Today we’re going to bootstrap NFL games and learn about Pythagorean Expectation.

2016 NFL Game Data

Let’s start by loading the data, our favorite packages, and taking a look:

library(dplyr)
library(ggplot2)

nfl <- read.csv('/home/rstudioshared/shared_files/data/nflgames2016.csv')

head(nfl)

We can calculate 2016 standings using dplyr:

standings <- nfl %>% group_by(team) %>% 
  summarize(pts = sum(points), opp_pts = sum(opp_points), 
            wins = sum(win), losses = sum(loss), ties=sum(tie), 
            wp=(wins+0.5*ties)/16)

head(standings)

Pythagorean Expectation

Bill James devised a formula to calculate how often a team would be expected to win (Win%) based on the the numbers of rusn they scored (RS) and the number or runs they allowed (RA).

\[Win\ \% = \frac{RS^2}{RS^2 + RA^2}\]

This formula can be extended to work in other sports by simply changing the exponent. In the NFL, the following formula will work:

\[Win\ \% = \frac{points\ scored^{2.37}}{points\ scored^{2.37} + points\ allowed^{2.37}}\]
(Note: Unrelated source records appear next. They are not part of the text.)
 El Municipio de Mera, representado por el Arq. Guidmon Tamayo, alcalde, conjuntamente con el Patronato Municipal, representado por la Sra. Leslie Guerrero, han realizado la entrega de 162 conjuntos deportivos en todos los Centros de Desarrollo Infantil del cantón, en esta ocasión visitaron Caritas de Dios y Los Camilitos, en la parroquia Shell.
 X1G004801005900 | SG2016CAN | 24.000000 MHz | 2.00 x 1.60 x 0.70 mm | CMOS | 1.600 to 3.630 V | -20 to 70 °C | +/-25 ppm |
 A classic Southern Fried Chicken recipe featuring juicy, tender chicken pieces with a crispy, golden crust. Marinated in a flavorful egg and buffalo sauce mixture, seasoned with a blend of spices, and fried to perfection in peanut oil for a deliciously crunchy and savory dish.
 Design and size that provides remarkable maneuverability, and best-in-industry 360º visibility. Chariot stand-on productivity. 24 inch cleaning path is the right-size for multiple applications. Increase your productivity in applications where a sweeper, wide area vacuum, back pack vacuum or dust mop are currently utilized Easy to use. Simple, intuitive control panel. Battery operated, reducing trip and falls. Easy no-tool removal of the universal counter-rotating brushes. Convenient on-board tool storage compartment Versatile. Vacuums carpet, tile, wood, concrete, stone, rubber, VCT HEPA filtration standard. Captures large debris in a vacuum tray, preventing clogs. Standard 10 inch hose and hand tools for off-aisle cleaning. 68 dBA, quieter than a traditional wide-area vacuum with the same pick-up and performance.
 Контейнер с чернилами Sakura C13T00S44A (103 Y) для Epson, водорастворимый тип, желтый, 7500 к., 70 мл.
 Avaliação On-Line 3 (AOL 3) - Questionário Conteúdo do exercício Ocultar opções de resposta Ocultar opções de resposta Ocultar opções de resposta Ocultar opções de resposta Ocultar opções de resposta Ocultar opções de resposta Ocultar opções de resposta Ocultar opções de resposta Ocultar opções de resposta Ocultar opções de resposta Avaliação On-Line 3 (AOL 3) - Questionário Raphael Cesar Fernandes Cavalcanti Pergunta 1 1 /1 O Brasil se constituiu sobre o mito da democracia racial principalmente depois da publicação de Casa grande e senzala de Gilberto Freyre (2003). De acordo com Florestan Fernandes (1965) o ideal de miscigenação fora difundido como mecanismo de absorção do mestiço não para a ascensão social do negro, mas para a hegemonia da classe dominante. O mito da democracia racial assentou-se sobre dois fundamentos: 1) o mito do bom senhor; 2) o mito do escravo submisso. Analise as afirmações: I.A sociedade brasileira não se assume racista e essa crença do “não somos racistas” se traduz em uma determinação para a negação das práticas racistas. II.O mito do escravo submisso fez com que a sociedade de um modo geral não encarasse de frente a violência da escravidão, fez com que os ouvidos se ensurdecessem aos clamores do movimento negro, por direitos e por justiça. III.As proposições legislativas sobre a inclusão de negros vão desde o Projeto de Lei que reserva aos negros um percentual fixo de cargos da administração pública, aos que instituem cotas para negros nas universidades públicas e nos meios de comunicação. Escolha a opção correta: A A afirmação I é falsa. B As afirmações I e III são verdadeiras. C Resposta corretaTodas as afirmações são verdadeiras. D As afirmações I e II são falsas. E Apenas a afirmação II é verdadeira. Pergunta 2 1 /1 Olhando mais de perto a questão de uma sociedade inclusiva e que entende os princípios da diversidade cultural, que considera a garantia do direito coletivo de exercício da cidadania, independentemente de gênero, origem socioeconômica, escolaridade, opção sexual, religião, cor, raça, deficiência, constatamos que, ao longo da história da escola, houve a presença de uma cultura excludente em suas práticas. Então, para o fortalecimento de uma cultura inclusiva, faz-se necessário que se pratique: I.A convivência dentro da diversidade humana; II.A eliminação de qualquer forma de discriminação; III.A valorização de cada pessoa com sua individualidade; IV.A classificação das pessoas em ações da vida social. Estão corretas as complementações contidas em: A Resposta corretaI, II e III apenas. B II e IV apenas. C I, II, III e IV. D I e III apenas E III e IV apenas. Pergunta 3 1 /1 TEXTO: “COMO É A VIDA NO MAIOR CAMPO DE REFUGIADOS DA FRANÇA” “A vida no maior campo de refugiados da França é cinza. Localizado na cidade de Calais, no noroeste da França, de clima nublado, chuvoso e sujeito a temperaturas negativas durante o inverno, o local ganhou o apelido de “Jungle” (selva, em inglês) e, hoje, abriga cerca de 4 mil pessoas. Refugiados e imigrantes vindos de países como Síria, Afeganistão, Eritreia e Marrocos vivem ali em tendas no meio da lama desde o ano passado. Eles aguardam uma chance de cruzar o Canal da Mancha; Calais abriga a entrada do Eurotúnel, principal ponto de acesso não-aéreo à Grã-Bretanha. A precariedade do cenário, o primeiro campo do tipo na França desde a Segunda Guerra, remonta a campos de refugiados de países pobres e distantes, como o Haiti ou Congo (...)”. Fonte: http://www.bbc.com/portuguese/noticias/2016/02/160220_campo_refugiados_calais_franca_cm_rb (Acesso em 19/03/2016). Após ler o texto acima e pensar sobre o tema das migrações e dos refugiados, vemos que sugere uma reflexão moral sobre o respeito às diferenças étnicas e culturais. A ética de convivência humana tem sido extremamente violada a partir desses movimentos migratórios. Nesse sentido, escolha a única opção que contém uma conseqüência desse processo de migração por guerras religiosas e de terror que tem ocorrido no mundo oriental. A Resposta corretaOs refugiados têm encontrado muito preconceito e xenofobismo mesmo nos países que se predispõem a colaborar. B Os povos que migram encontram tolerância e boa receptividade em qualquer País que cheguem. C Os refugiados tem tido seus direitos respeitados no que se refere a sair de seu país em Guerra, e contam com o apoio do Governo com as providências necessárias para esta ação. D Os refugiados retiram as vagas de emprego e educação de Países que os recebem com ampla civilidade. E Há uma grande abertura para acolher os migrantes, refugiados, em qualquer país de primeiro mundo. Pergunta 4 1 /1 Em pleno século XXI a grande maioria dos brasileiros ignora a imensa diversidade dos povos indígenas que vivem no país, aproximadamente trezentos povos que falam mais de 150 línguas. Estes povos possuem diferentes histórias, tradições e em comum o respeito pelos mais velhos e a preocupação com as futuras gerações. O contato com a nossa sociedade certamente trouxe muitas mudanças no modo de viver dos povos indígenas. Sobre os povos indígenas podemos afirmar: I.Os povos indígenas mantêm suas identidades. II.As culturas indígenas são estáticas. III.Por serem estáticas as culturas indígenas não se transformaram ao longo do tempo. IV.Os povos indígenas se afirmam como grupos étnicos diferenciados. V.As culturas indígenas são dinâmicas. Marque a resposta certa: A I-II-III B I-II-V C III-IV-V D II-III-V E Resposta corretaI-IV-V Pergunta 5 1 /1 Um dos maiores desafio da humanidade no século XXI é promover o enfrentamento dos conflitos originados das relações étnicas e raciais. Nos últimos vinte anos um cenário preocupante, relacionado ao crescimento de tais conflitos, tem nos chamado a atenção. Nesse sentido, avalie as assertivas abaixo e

Let’s add “Pythagorean” wins, losses, and winning percentage to our standings:

xp <- 2.37

standings <- standings %>% mutate(pythag_wins = 16*pts^xp/(pts^xp + opp_pts^xp),
                                  pythag_losses = 16*opp_pts^xp/(pts^xp + opp_pts^xp),
                                  pythag_wp = pts^xp/(pts^xp + opp_pts^xp)
) 

Now, let’s take a good look at how the Pythagorean standings and the real standings compare:

View(standings)

We can compare teams pythagorean winning percentages to their actual winning percentages graphically:

ggplot(standings, aes(pythag_wp, wp))+geom_point() + geom_smooth(method="lm")

Bootstrapping

We might also be wondering, how confident we can be that the teams that performed the best, are the best. Let’s ltry to answer this question by boostrapping. Here’s one alternate reality created by sampling 16 games, with replacement for each team.

nfl.sample <- nfl %>% group_by(team) %>% sample_n(size = 16, replace=TRUE)

sample.standings <- nfl.sample %>% group_by(team) %>% 
  summarize(pts = sum(points), opp_pts = sum(opp_points), 
            wins = sum(win), losses = sum(loss), ties=sum(tie), wp=(wins+0.5*ties)/16) %>% 
            mutate(pythag_wins = 16*pts^xp/(pts^xp + opp_pts^xp),
                       pythag_losses = 16*opp_pts^xp/(pts^xp + opp_pts^xp),
                       pythag_wp = pts^xp/(pts^xp + opp_pts^xp)
            ) 

sample.standings %>% arrange(desc(pythag_wp))

Just as in our previously lab, we don’t want to create only one alternate reality but many. Let’s create 100 bootstrapped samples of the season. First we’ll create a place holder, sim.results, and then we’ll use a for loop to repeat our sampling code 100 times, each time adding our results to the sim.results table.

sim.results <- standings[FALSE, ]

for (i in 1:100){
  nfl.sample <- nfl %>% group_by(team) %>% sample_n(size = 16, replace=TRUE)
  
  sample.standings <- nfl.sample %>% group_by(team) %>% 
    summarize(pts = sum(points), opp_pts = sum(opp_points), 
              wins = sum(win), losses = sum(loss), ties=sum(tie), wp=(wins+0.5*ties)/16) %>% 
    mutate(pythag_wins = 16*pts^xp/(pts^xp + opp_pts^xp),
           pythag_losses = 16*opp_pts^xp/(pts^xp + opp_pts^xp),
           pythag_wp = pts^xp/(pts^xp + opp_pts^xp)
    ) 
  
  sim.results <- rbind(sim.results, sample.standings)
  
}

How often did teams have perfect seasons and which teams accomplished this?

sim.results %>% filter(wins==16)

How many teams went winless in at least one simulation and how often did they go winless?

sim.results %>% filter(wins==0) %>% group_by(team) %>% summarize(times.winless = length(team))

Finally, let’s calculate the best and worst seasons for each team and the standard deviations in both winning percentage and Pythagorean winning percentages:

sim.summary <- sim.results %>% group_by(team) %>% summarize(
  min.wins = min(wins), max.wins=max(wins), sd(wins), sd(pythag_wins)
)
View(sim.summary)

How wide are the distributions of outcomes for each team? How do the standard deviations in winning percentage compare to the standard deviations in pythagorean winning percentage?